WHAT THE EXERCISE ASKS —
Could you transcribe exactly the lines below, from the line with "- Uses the Cost" through the line with "二级缓存需要手动设置,首先在", and nothing else, leaving out the pictures?

*** Opening RECORD EXTRACTS ***

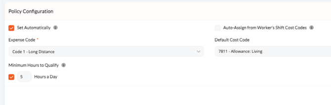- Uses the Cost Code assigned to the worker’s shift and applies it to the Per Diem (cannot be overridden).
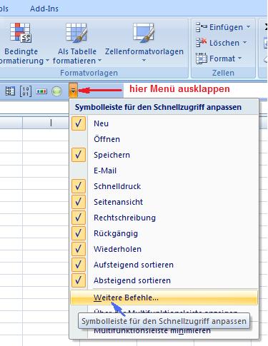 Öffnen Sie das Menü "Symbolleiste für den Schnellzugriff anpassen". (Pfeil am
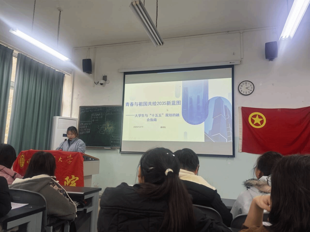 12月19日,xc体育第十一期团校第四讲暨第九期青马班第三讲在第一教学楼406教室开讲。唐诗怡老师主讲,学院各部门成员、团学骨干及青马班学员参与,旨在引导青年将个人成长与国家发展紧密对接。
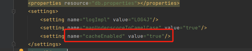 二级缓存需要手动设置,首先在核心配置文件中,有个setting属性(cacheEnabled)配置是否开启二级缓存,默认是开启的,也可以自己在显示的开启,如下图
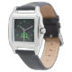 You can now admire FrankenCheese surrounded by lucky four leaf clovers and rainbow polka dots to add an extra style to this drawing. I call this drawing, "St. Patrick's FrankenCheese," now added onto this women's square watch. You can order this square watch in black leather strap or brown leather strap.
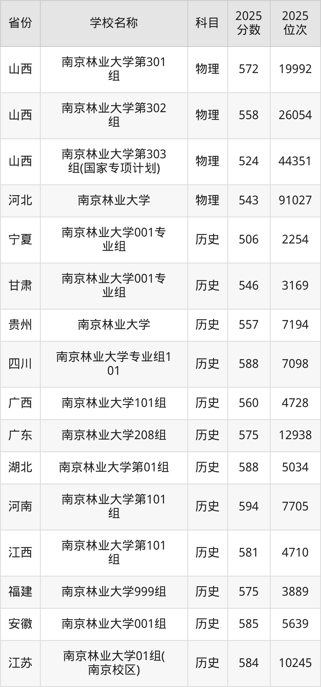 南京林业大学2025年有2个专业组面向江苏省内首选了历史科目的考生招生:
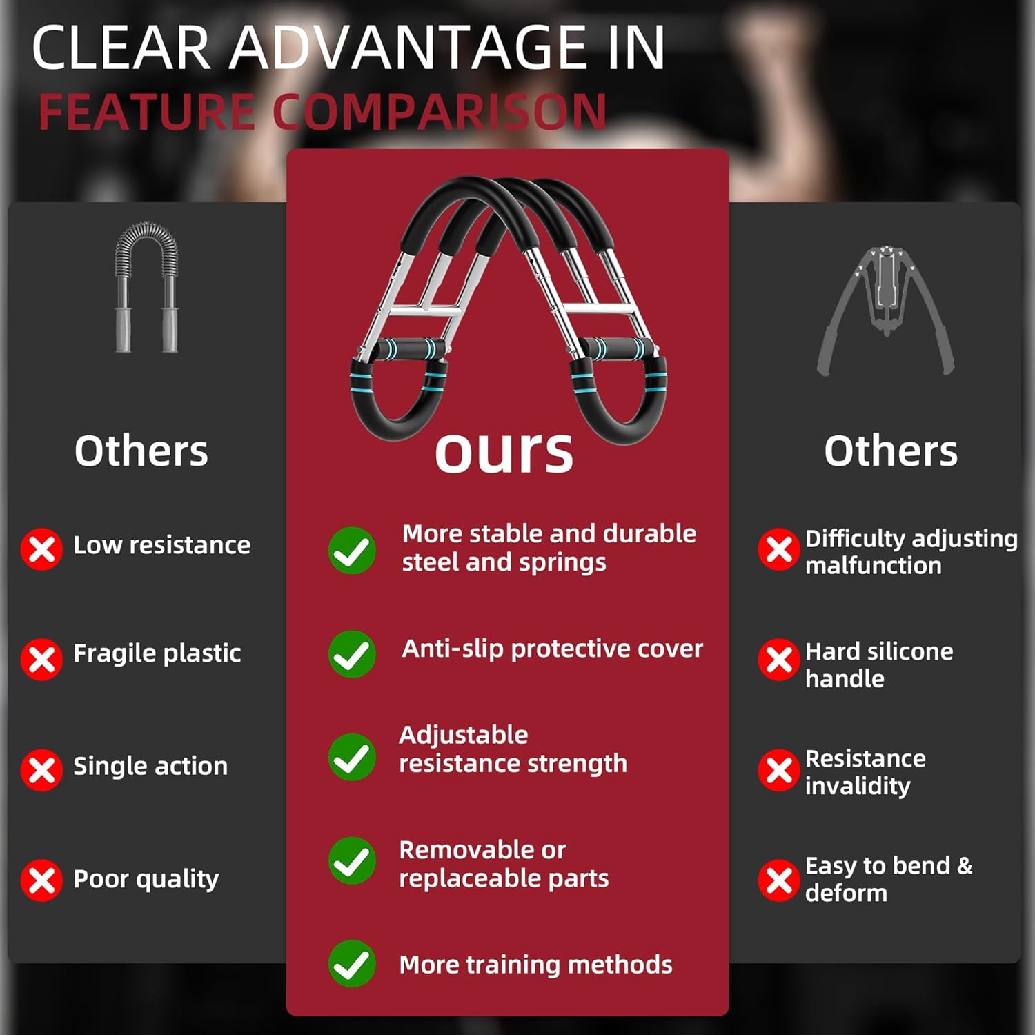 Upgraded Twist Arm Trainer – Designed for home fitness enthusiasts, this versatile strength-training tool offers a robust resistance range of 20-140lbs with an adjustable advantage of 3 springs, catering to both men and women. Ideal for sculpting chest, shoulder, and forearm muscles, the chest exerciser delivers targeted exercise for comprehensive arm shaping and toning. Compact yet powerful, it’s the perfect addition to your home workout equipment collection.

*** Closing RECORD EXTRACTS ***
*** Opening RECORD EXTRACTS ***

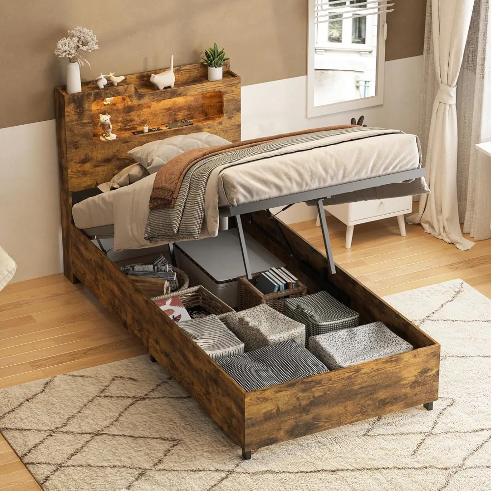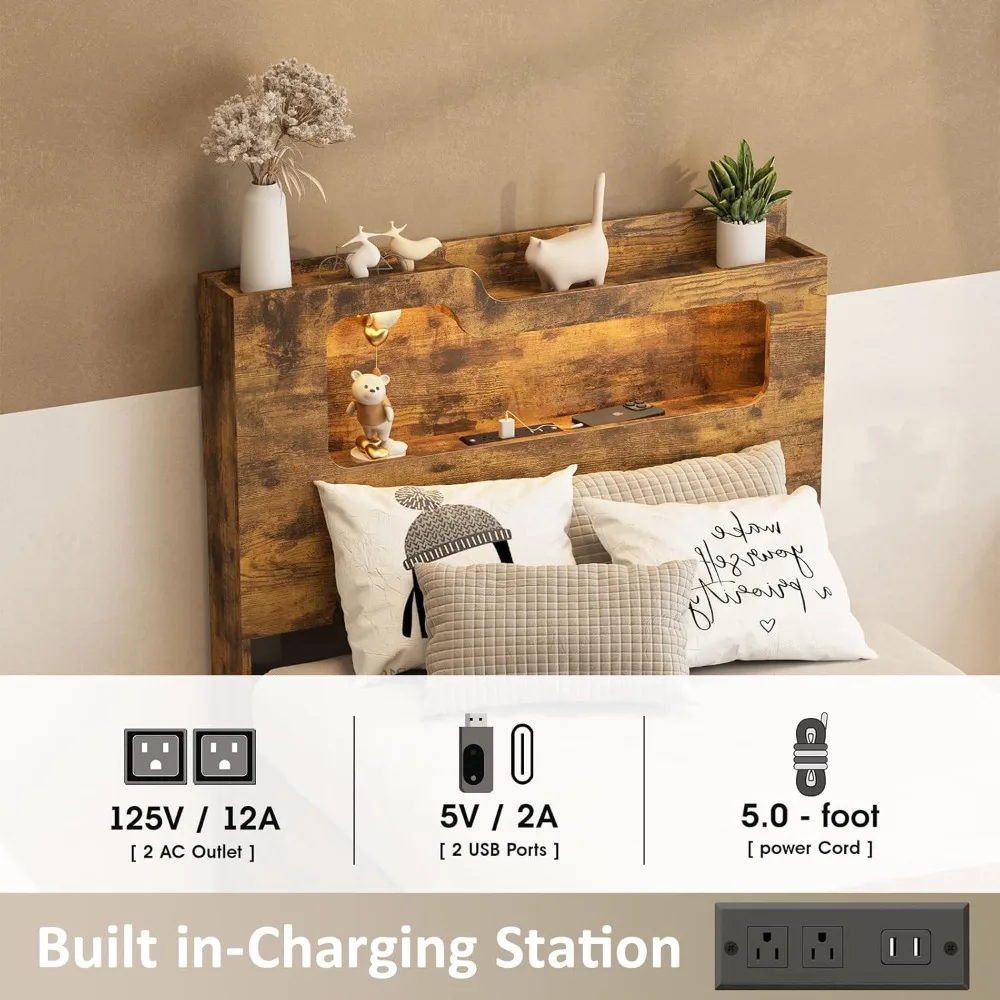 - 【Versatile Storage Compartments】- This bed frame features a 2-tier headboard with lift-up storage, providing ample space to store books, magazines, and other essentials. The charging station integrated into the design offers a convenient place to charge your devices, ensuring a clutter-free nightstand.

*** Closing RECORD EXTRACTS ***

TASK OUTPUT —
- Uses the Cost Code assigned to the worker’s shift and applies it to the Per Diem (cannot be overridden).
 Öffnen Sie das Menü "Symbolleiste für den Schnellzugriff anpassen". (Pfeil am
 12月19日,xc体育第十一期团校第四讲暨第九期青马班第三讲在第一教学楼406教室开讲。唐诗怡老师主讲,学院各部门成员、团学骨干及青马班学员参与,旨在引导青年将个人成长与国家发展紧密对接。
 二级缓存需要手动设置,首先在核心配置文件中,有个setting属性(cacheEnabled)配置是否开启二级缓存,默认是开启的,也可以自己在显示的开启,如下图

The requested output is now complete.